Subsequent to year-end, the company's board of directors authorized distributions for March 2018, April 2018, and May 2018 in the amount of $0.05583344 per share to the shareholders of record at the close of business on March 15, 2018, April 16, 2018, and May 15, 2018, respectively. OP unit holders will receive distributions at the same rate. The monthly distribution rate will result in the same annual distribution amount as the daily distribution rate which was used to calculate dividends prior to 2018.

Share Repurchase Program (SRP)

During the fourth quarter of 2017, standard repurchase requests surpassed the funding limits under the SRP. Due to the program’s funding limits, no funds were available for repurchases during the fourth quarter of 2017 and no funds will be available for the first quarter of 2018. Additionally, repurchases during the remainder of 2018 are expected to be limited.

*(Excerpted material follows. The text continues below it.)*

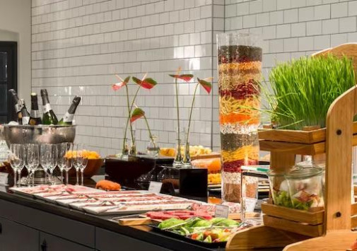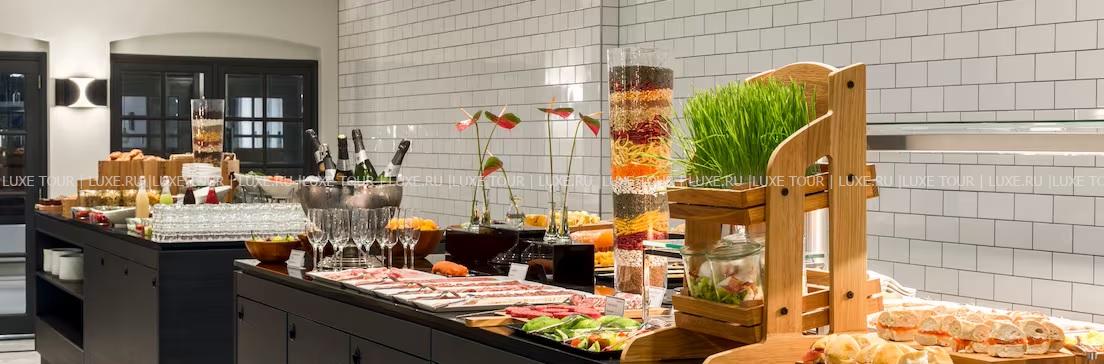 • В зале для завтраков сервируют завтрак «шведский стол».

Cash available for standard repurchases on any particular date under the SRP is generally limited to the proceeds from the dividend reinvestment plan during the preceding four quarters, less amounts already used for repurchases during the same time period.

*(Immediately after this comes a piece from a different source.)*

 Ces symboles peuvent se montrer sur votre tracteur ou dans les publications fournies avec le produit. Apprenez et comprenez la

The company will continue to fulfill repurchases sought upon a stockholder’s death, “qualifying disability,” or “determination of incompetence” in accordance with the terms of the SRP.

Stockholder Update Call

Chairman and Chief Executive Officer Jeff Edison, Chief Financial Officer Devin Murphy, and Executive Vice President Mark Addy will host a live presentation addressing the company’s results on Thursday, March 15, 2018, at 11:00 a.m. Eastern Time.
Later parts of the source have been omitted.